Instead of the theater’s front entrance, audiences enter the August Wilson through the building’s neon-lit alleyway. The goal was to “reestablish a different relationship with what happens when you cross a threshold into the space,” says Scutt.

Photo: Emily Andrews, courtesy of Cabaret at the Kit Kat Club

“I did an animation of the entire building. We didn’t do a model box for this because it was pointless: It’s a huge project,” Scutt tells AD. A big undertaking, indeed; the traditional proscenium-style stage has been replaced by a theater in the round. Additional seating, including a mezzanine level, was built where a backstage area once lived. Three uniquely stylized bars, accented by Jeremy Anderson’s futuristic light fixtures, are scattered throughout the seductive setting, welcoming audiences to unwind and imbibe before the performance begins.

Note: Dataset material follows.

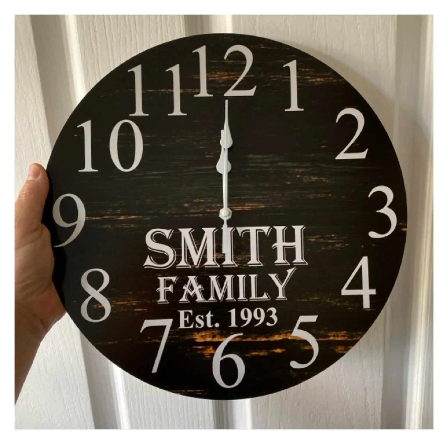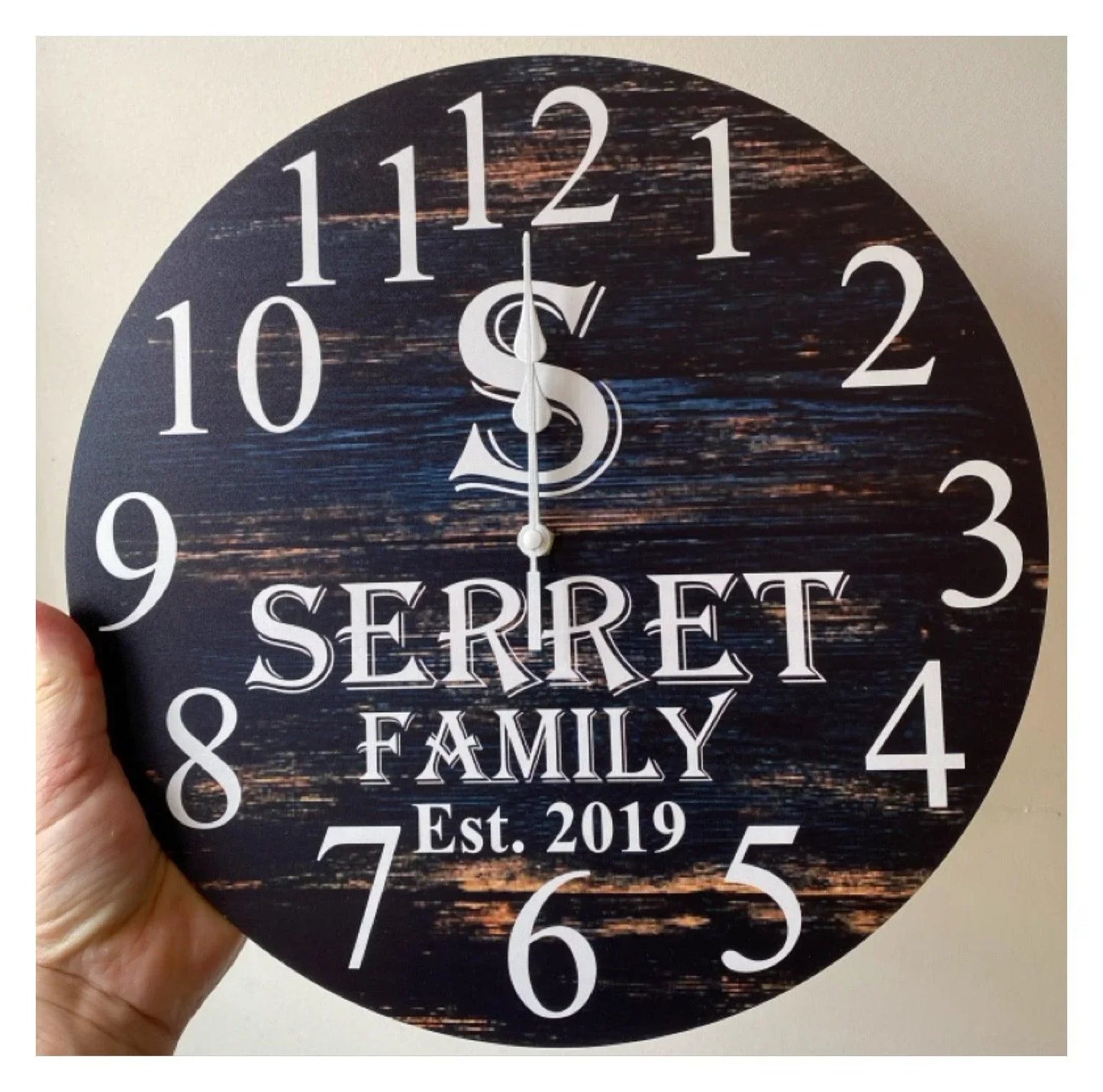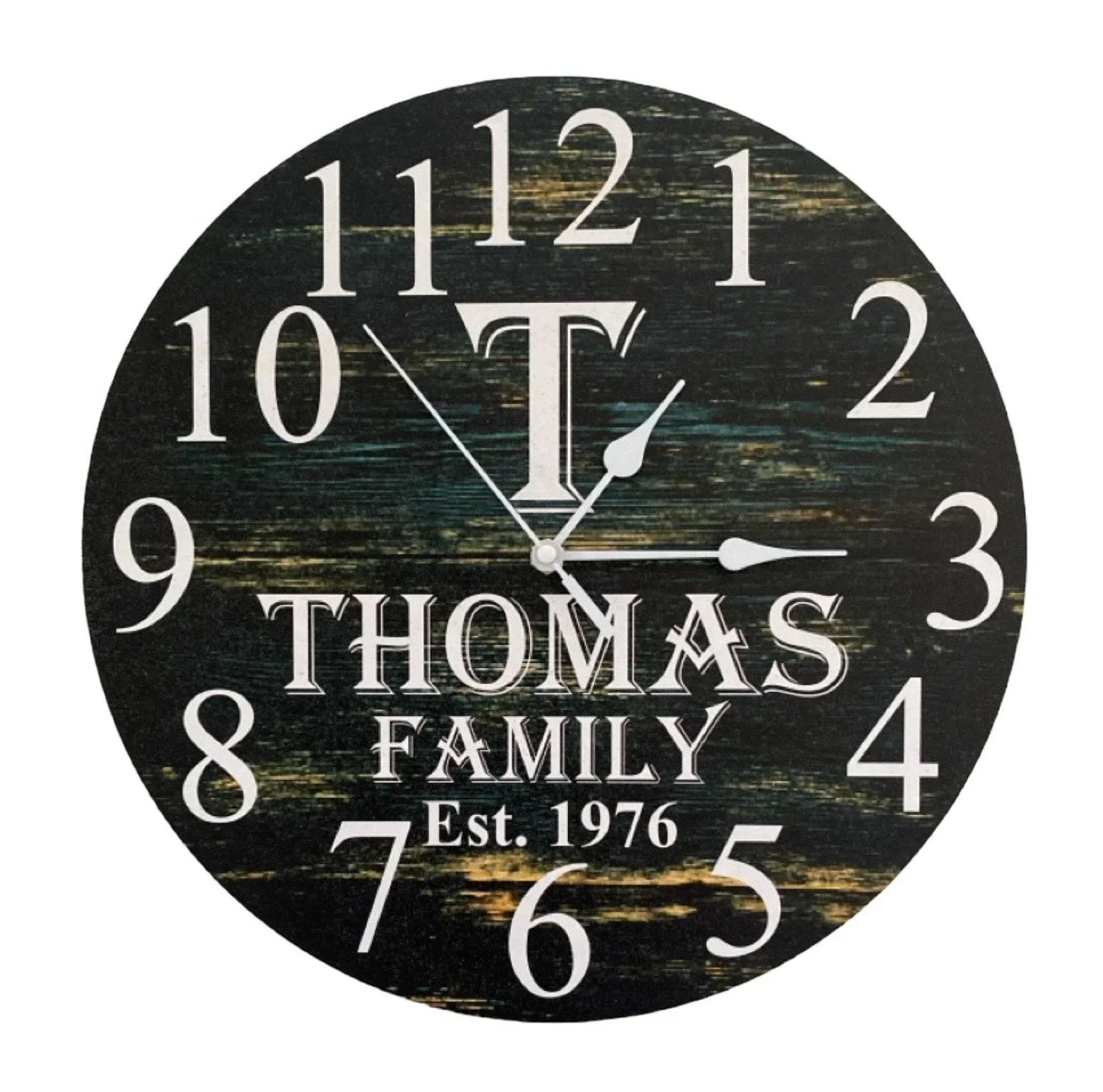 Unleash your creativity with endless possibilities for your family surname and Est. Date personalised clock! Keep in mind too much text looks crowded so please keep your custom text to a minimum.

A separate cast of musicians and dancers provide entertainment during the production’s 75-minute prologue.

“If we’ve done our job correctly, by the time you’ve gone through the whole space—before you [sit down]—you don’t know which way is which,” says Scutt.

The recurring eyeball motif began as a graphic idea for the show’s marketing. “I started to integrate it immediately,” says Scutt, “because of the obvious themes of voyeurism and paranoia.”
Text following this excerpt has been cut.